=== SOURCE MATERIAL ===

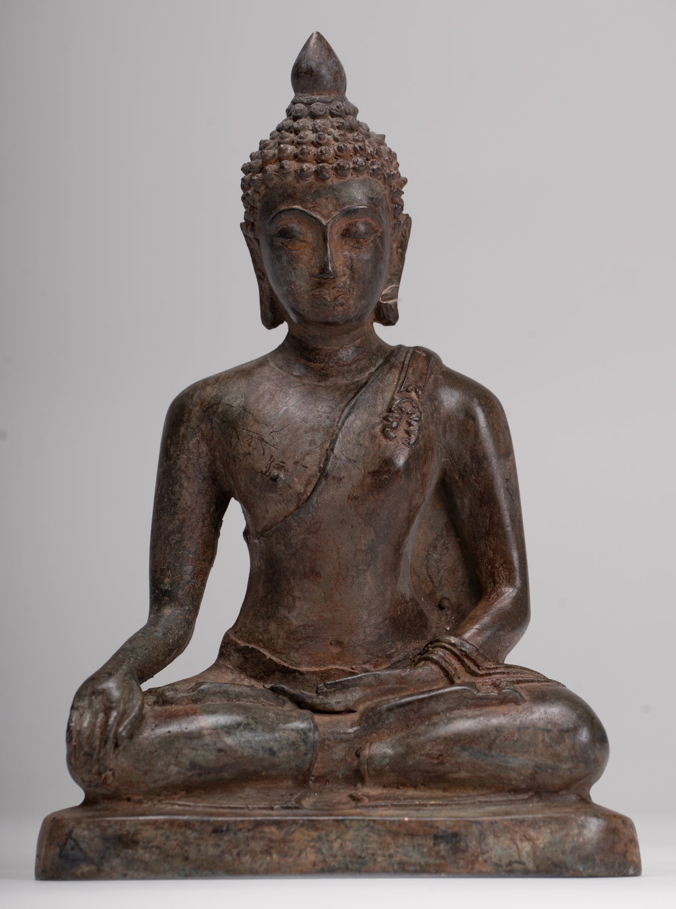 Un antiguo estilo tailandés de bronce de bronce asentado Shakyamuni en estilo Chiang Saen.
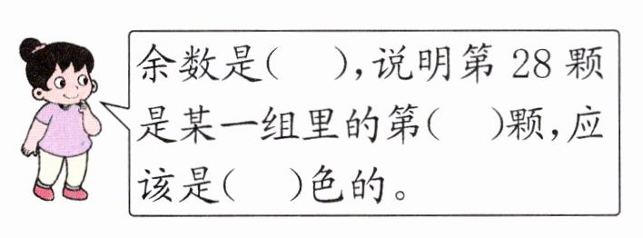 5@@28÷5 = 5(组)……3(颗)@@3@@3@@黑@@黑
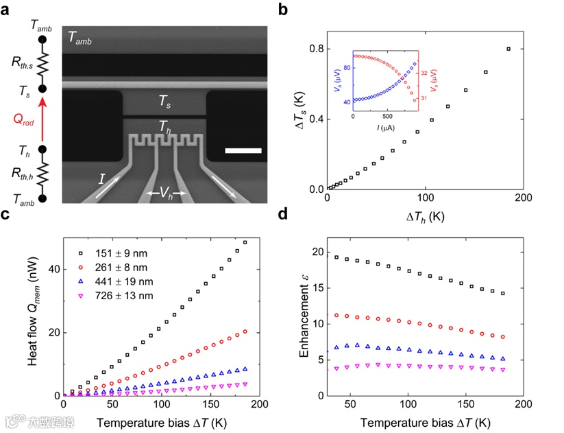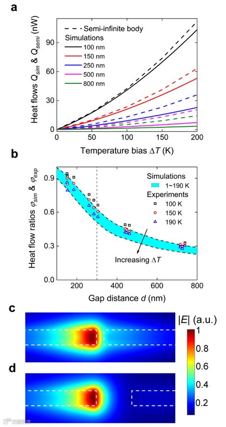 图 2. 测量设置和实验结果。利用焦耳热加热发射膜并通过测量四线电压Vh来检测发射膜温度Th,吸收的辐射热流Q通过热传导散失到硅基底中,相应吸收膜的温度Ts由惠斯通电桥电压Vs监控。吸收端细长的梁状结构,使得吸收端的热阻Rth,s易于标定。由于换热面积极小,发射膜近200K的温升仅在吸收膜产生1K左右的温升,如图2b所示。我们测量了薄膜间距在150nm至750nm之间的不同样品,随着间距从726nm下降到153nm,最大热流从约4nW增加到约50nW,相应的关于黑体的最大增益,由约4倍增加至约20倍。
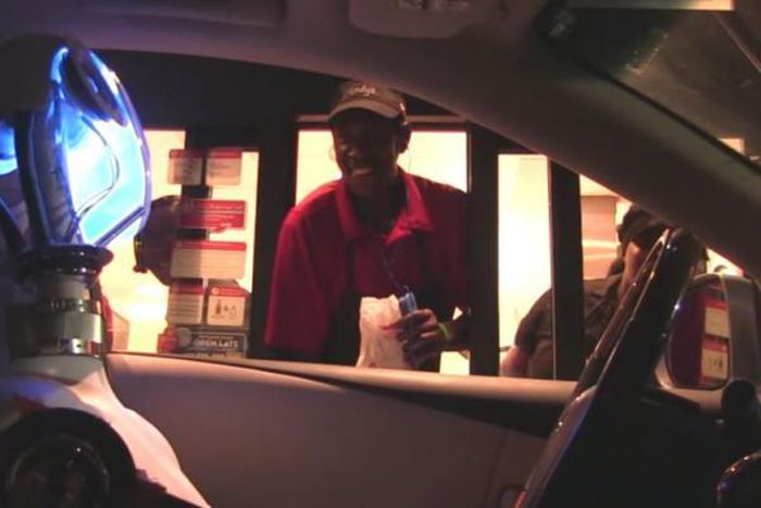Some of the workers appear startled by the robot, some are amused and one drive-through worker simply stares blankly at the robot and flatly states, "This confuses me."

===

**ABOUT THIS TASK**.
Make an exact copy of the lines from the top of the material through the line with "5@@28÷5 = 5(组)……3(颗)@@3@@3@@黑@@黑", pictures excluded.

**YOUR RESPONSE**.
 Un antiguo estilo tailandés de bronce de bronce asentado Shakyamuni en estilo Chiang Saen.
 5@@28÷5 = 5(组)……3(颗)@@3@@3@@黑@@黑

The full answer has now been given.